New study reveals how MRSA infection can permanently harm immune function
By SUE MCGREEVEY
Methicillin-resistant Staphylococcus aureus bacteria (yellow) and a dead human white blood cell. Image: National Institute of Allergy and Infectious Diseases.
Infections of the skin or other soft tissues by the hard-to-treat MRSA (methicillin-resistant Staphylococcus aureus) bacteria appear to permanently compromise the lymphatic system, which is crucial to immune system function.
"MRSA-induced impairment persisted long after the infection was resolved and the inflammation had stopped” - Timothy Padera
In a report published online in Science Translational Medicine, Harvard Medical School investigators based at Massachusetts General Hospital describe findings that MRSA infection impairs the ability of lymphatic vessels to pump lymphatic fluid to lymph nodes in mouse models, which may contribute to the frequent recurrences of MRSA infection experienced by patients.
“We found that MRSA produces toxins that kill the muscle cells critical to the pumping of lymph,” said senior study author Timothy Padera, HMS associate professor of radiation oncology at Mass General.
“MRSA with a genetic deficiency that lowers the amount of toxin produced does not kill lymphatic muscle cells, which both supports the role for bacterial toxins in the post-MRSA impairment of lymphatic function and may also suggest a possible treatment strategy,” he added.
Serious skin infections called cellulitis are reported in about 14 million U.S. patients annually, with as many as 30 percent caused by MRSA. Serious cases requiring intravenous antibiotics lead to 500,000 hospitalizations each year, and 50,000 of those patients will have recurrent infections that require hospital readmission within a month.
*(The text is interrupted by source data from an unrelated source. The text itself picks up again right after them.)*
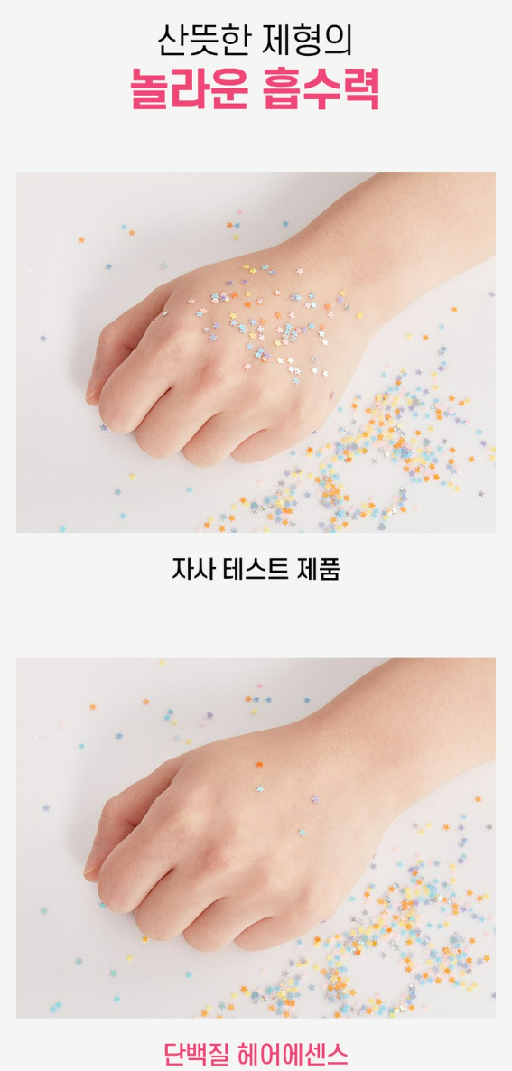 그래서 모발이 손상되거나 건조할 땐 단백질 성분이 포함된 헤어 단백질 에센스, 단백질 트리트먼트, 단백질 앰플들을 사용하시면 좋아요.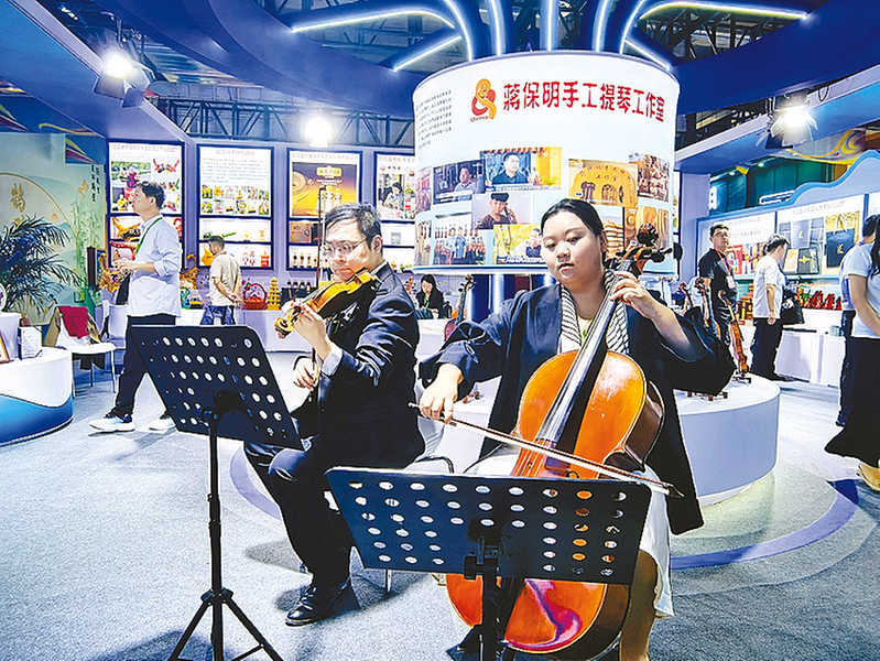 小提琴的弓弦轻轻搭上琴弦,清亮而深情的音符流淌而出——《我和我的祖国》那熟悉的旋律,像一颗投入静湖的石子,瞬间在文博会熙攘的展厅里漾开涟漪。人们纷纷循声聚拢过来,不少观众情不自禁跟着哼唱起来。驻马店文创,用这样一种优雅而深情的方式,完成了实力“圈粉”。
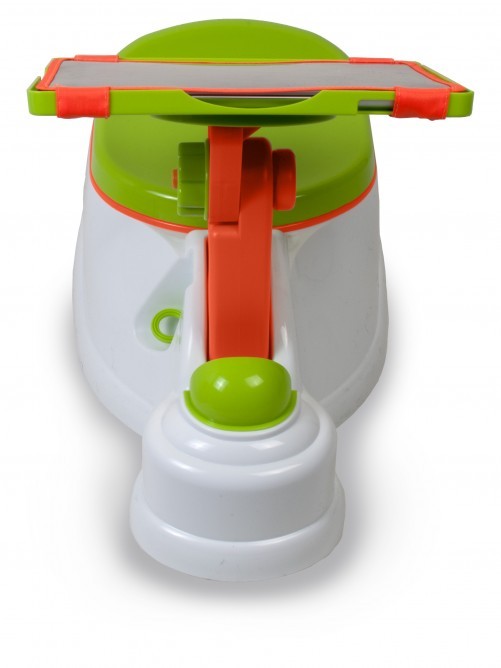 這款 iPotty 是在 2013 CES 展上新推出的產品,有一個可拆的馬桶座,前方還特別設計有放置 iPad 的支架,提供小朋友可以乖乖上廁所使用。iPotty 的 iPad 支架提供垂直、水平兩種擺放方式和 3 種不同角度的切換,適合 6 個月到 3 歲的小孩使用。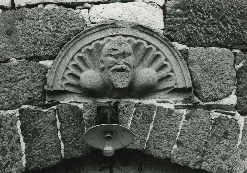 Ferme de la Borie-Grande : Grange, pignon est, détail d’un élément sculpté réutilisé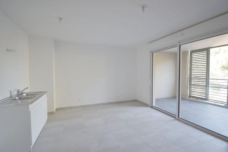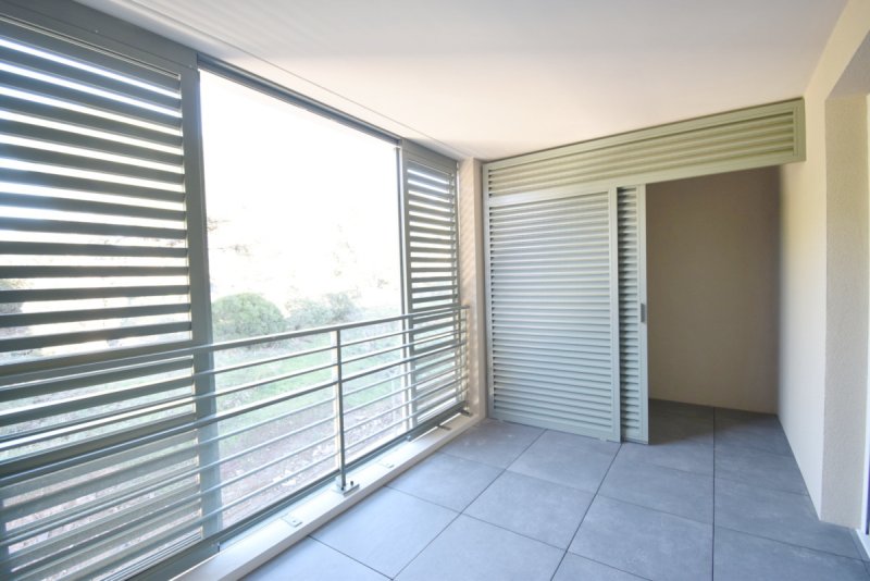 FREJUS Dans une résidence neuve proche autoroute Appartement T2 de 45,62m2 au 2ème étage avec ascenseur. Entrée ouverte avec placard, séjour, coin cuisine (plaque et hotte), loggia de 12m2 avec cellier, dégagement, chambre de près de 15m2 avec 2 placards, salle d'eau, wc séparé. Garage en sous sol 16m2

Patients with lymphedema—swelling and fluid buildup caused by damage to or blockage of the lymphatic system—are particularly prone to recurrent infections, which can exacerbate existing lymphedema. But until now, no studies have investigated the potential interactions between bacterial infections and lymphatic function.
In contrast to the cardiovascular system, in which blood is propelled through arteries and veins by the pumping of the heart, in the lymphatic system, lymphatic fluid—which carries immune cells and other important factors—is pumped along by the contraction of the lymphatic vessels, driven by lymphatic muscle cells.
Experiments in mouse models of MRSA tissue infections revealed that the infection itself cleared within 30 days and associated inflammation was gone within 60 days. But the lymphatic vessels in MRSA-infected tissues showed abnormalities, including increased vessel diameter and weaker, less frequent contractions, that were still present 120 days after the induction of infection.
Close examination revealed that the number of lymphatic muscle cells surrounding lymphatic vessels was depleted as late as 260 days after infection.
“We had assumed that we would find results similar to our previous measures of impaired lymphatic function in inflammation that was not associated with an infection,” Padera said. “But while lymph pumping was restored after the resolution of sterile inflammation, MRSA-induced impairment persisted long after the infection was resolved and the inflammation had stopped.”
“This persistence long after bacteria have been cleared can be explained by the loss of lymphatic muscle cells,” he said.
Exposure of cultured mouse and human lymphatic or smooth muscle cells to the proteins produced by MRSA led to the death of these cells, and detailed analysis of MRSA-produced proteins identified a significant number of known pathogenic toxins.
Since expression of many MRSA toxins is controlled by a genetic element called the accessory gene regulator (agr), the team tested a mutant form of MRSA lacking the agr against several types of cultured cells and in their animal model.
The agr-mutant MRSA did not produce the muscle cell-killing proteins, and lymphatic function—including the strength and frequency of vessel contraction—was significantly better in mice infected with the mutant strain than in animals infected with a nonmutated strain.
“Our results strongly suggest that targeting the action of the agr during and after MRSA infection may preserve lymphatic muscle cells and, as a result, lymphatic function,” Padera said. “Now we need to confirm whether MRSA infection leads to impaired lymphatic function in humans and identify the specific MRSA toxins that cause the death of lymphatic muscle cells.”
Support for the study includes National Institutes of Health grants R21 AI097745, DP2 OD008780, R01 CA214913 and R01HL128168, along with support from the MGH Executive Committee on Research Interim Support Fund.